WHAT IS BEING ASKED: Nothing but the lines below from the first through the one with "Cessna 441 Cockpit Cover" should appear, printed exactly; please leave pictures out.

· · ·

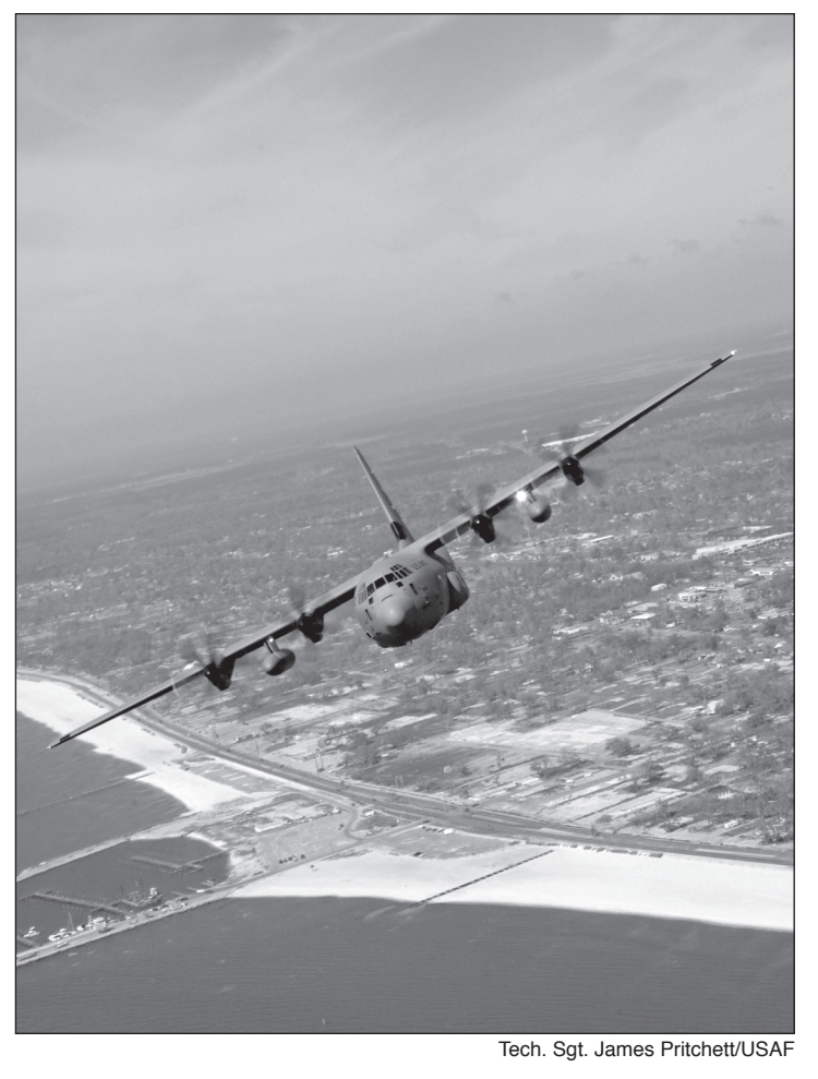
USAF Hurricane Hunters track a subtropical storm off the coast of Georgia in a WC-130J aircraft.

Two Hurricane Hunter aircraft will be equipped with the radiometers by the end of June with one added each month until all of the 403rd Wing's 10 WC-130J aircraft are outfitted with the SFMR pod.
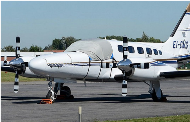
Cessna 441 Cockpit Cover

This cover type is made from Silver Acrylic Sunbrella canvas and is 100% lined with a soft and smooth microfiber. Bruce's Custom Covers developed this material combination especially for aircraft protection. The outer material is medium weight and treated for water resistance, UV resistance and anti-static buildup. The inner lining is a very soft and smooth microfiber to prevent scratching. The material is very reflective, and tests show that the cabin interior temperature can be reduced to near-ambient temperature on the hottest of days. It is water, ice and snow repellent, yet breathable to allow moisture to escape from between the cover and the aircraft surface.
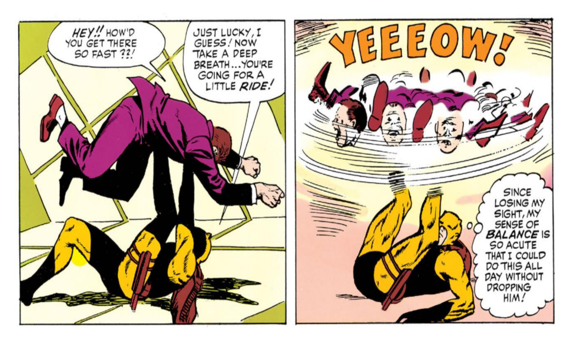
Fig. 8: An excerpt from the comic Daredevil Vol.1 # 3 (1964) depicts a fighting blind Daredevil. Photo: Joe Orlando/Marvel

As a child, Matthew Murdock was blinded by radioactive material in the accident, and his special abilities stem from the accident ( Daredevil Vol. 1 #1 (1964)). Although he does not see when exposed to radioactive material, his other senses improve and sharpen to a superhuman level. It can be said that it has a radar capability similar to echolocation, in other words blindsight ( Daredevil Vol.1 # 3 (1964)) (Fig. 8).<sup>37</sup> As a result, few characters know that daredevil doesn't actually see it.
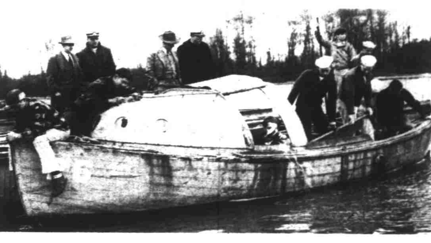
Members of Salem's Sea Scout ship 12 are shown working on their recently arrived whaleboat, a gift of the U. S. navy from surplus stores.
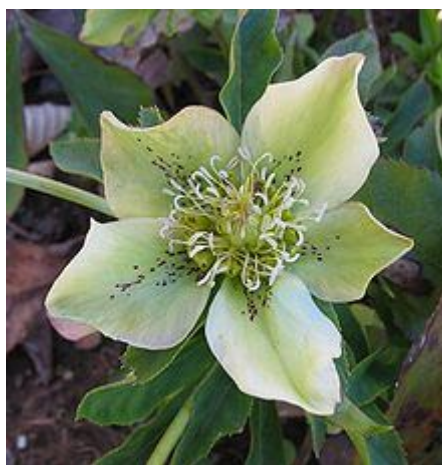
A flower of Heliboris x hybridus with olive-green nectaries visible behind the stamens
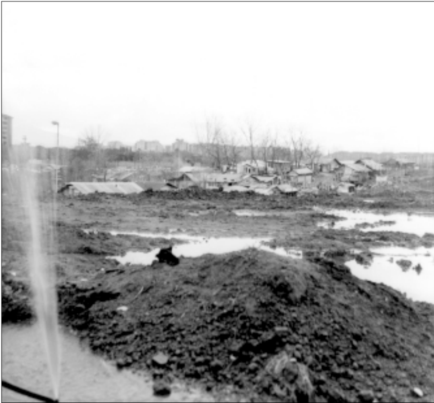
A broken water pipe in Casilino 900 camp, February 24, 1998.

· · ·

EXERCISE RESULT:
USAF Hurricane Hunters track a subtropical storm off the coast of Georgia in a WC-130J aircraft.

Two Hurricane Hunter aircraft will be equipped with the radiometers by the end of June with one added each month until all of the 403rd Wing's 10 WC-130J aircraft are outfitted with the SFMR pod.
Cessna 441 Cockpit Cover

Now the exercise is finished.